Son düzenlemeyle, bizde dinamitle balık avlayanların cezası 3 bin 292 liradan 10 bin liraya çıkarıldı. Denizde böyle avlanan birine verilen cezayı “Dinamitle balık avına çok ağır ceza!” diye haberleştirmişti gazeteler.

Denizlerimizde, nehirlerimizde birkaç balık için patlatılan -tut ki 100 gr kadar- dinamitin çıkardığı ses ve titreşimden, balıklar dışındaki tüm canlılar da zarar görüyor ve ekolojik denge bozuluyor.

“Memlekette neler oluyor, senin uğraştığın şeye bak?” diyenleri duyar gibiyim! Aslında uğraştığım şey memlekette de değil. Tabii dünyayı hepimizin ortak memleketi saymıyorsanız…

O dünya ki ellerimizle öldürüyoruz. Üstelik, yavaş yavaş da değil artık. BM Mülteciler Yük­sek Komiserliği verilerine göre, 2008’den beri her yıl ortalama 21,5 milyon insan, sel ve kuraklık gibi afetlerden dolayı göç etmek zorunda kalıyor.

2050 yılına kadar, “iklim göçmen­lerine” dönüşerek, 143 milyondan fazla in­sanın mahsullerin yetersizliğinden, su kıtlığından ve deniz seviyesinin yükselmesinden kaçacak­ları öngörülüyor.

Tarihi daha erkene, 2030’a çekerek, susuzluktan göçmek zorunda kalacak insanların sayısını birkaç misli daha fazla tahmin edenler de var.

Dünya üzerinde kaçacak yerimizin kalmayacağı bir noktaya doğru hızla gidiyoruz.
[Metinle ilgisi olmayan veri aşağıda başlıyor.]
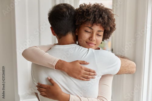 Back View Of Caucasian Guy Embraces Her Girlfriend Stand Closely To Each Other Express Love And Support Comfort Express Empathy Have Good Relations People Care And Relationship Concept Buy This Stock
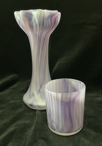 As can be seen in the last photo, the distinctive mauve & pink streaked decor matches another item in my collection. This has an iridescent finish instead of satin, but I do feel they are both most likely by the same maker.
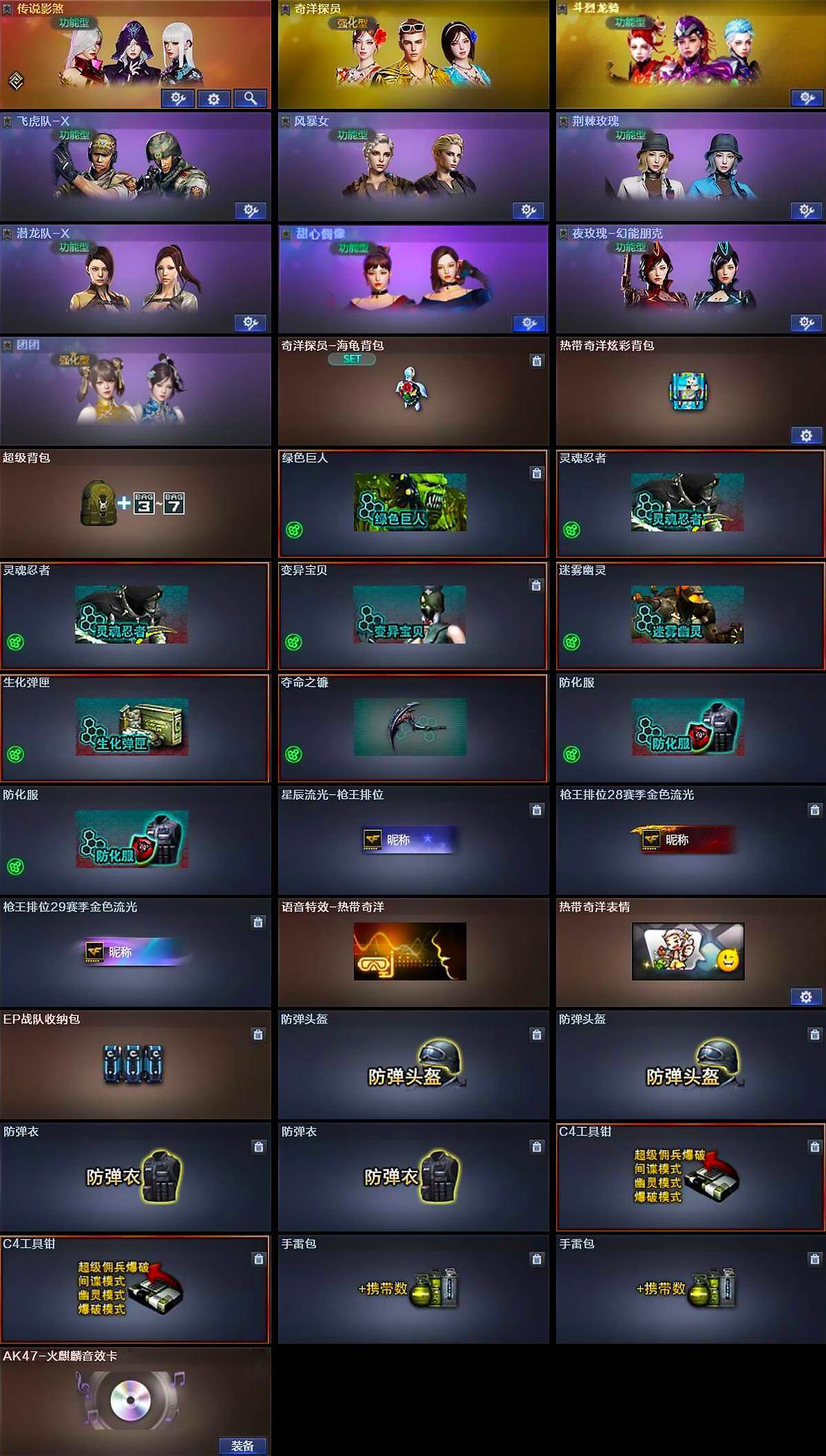 【角色】:奇洋探员,斗烈龙骑,飞虎队-X,风暴女,荆棘玫瑰,潜龙队-X,甜心偶像,兔囡囡,夜玫瑰-幻能朋克,团团

Bir umut olacaksa geleceğe dair, o umudun çoğu soluduğumuz havadaki oksijenin yüzde 50’den fazlasını üreten okyanuslarda.
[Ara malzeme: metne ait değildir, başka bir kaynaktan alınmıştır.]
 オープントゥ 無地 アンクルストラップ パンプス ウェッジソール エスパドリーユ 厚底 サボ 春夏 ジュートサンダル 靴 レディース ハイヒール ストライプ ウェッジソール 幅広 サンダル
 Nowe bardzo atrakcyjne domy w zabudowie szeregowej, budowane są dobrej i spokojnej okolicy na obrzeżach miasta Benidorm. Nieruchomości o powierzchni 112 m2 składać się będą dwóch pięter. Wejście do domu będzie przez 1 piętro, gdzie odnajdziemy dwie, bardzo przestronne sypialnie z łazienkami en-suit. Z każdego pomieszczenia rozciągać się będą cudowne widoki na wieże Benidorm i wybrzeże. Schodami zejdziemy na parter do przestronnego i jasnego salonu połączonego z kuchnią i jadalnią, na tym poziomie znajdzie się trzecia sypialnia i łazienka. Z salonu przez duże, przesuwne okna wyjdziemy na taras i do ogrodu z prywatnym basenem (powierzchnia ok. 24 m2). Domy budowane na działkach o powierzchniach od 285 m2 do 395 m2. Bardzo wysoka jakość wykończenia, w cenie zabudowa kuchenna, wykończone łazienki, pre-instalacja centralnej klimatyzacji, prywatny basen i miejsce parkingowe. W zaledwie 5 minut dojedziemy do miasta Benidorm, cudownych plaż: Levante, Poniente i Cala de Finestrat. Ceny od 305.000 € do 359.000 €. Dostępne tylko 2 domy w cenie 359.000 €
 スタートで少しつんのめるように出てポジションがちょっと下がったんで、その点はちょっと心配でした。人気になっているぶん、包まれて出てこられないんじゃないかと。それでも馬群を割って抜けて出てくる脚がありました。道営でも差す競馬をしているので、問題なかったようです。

Dünyanın en büyük habitatını oluşturan okyanuslardaki bitkisel planktonlara gereksindikleri besinlerin çoğunu sağlayan da dalıp çıkan ve göç eden balinalarmış. Bir balina her dalışında 33 ton karbondioksiti okyanusun dibine götürürmüş. Balinalar sayesinde planktonlar sadece yüzde 1 arttığında bile 2 milyar olgun ağacın emdiği kadar karbondioksit emiliyormuş. DW’nin mini balina belgeseline göre, 1 balinanın değerinin 2 milyon dolardan fazla olduğu hesap ediliyormuş!

Başlık dinamitle balık avı ama asıl “uğraştığım şey” bu işte. 18 ton patlayıcı, kaç dinamit lokumunun yol açtığı katliama yol açar, ne hesaplayabiliyor ne de hesaplamak istiyorum!

Gazetelerde bir haltmış gibi yapılan haberleri okumuşsunuzdur; geçen hafta 100 bin tonluk yeni uçak gemisi USS Gerald R. Ford’un yanında 18 tonluk bir bomba patlattı ABD. Gemi savaş koşullarına hazır mı diye 3.9 büyüklüğünde bir deprem etkisinde “Tam Gemi Şok Denemesi” yaptı. Sonuçtan memnunlar; geminin milyon metre uzunluğundaki elektrik kablolarıyla birbirine bağlı hassas ekipmanları etkilenmemiş!

Peki, ya okyanusun o bölgesindeki yaşam?

Çok çevreci bir patlama yarattıklarını söyleyen donanmanın kendi modellemesi bile, patlamanın 1-2 km içindeki bazı deniz memeli türlerinin ölmesinin, 10 km kadar alandaki bazılarının da işitme kaybı dahil yaralanmalarının beklendiğini söylüyor.

Deniz biyologları, yılın bu zamanında patlama bölgesinin yunus ve küçük balina popülasyonlarına ev sahipliği yaptığını, yiyecek ve birbirlerini bulmak için işitme duyularını kullanan bu canlıların sağır olduklarında yaşamalarının olanaksız olduğunu söylüyorlar.

1950-1998 yılları arasında okyanuslarda 100’ün üzerinde nükleer patlama testi yapıldı. Şu anda 245 bin km² alanı kaplayan 500 deniz konumu, artık küresel olarak ölü bölge sayılıyor.

Nükleer olsa da olmasa da patlamalar hem deniz memelilerini öldürüyor hem de yarattıkları şok dalgalarıyla okyanustaki habitatta onarılamaz hasarlara yol açıyorlar. Dünya, her yıl 100 milyondan fazla deniz hayvanının hayatını kaybettiği ve okyanus ekosisteminin çürüdüğü bir gezegen krizi yaşarken, ABD ordusu da 18 tonluk patlayıcılarla savaş gemilerini test ediyor.

Bu büyük insanlık suçunun da bir cezası olmalı, değil mi?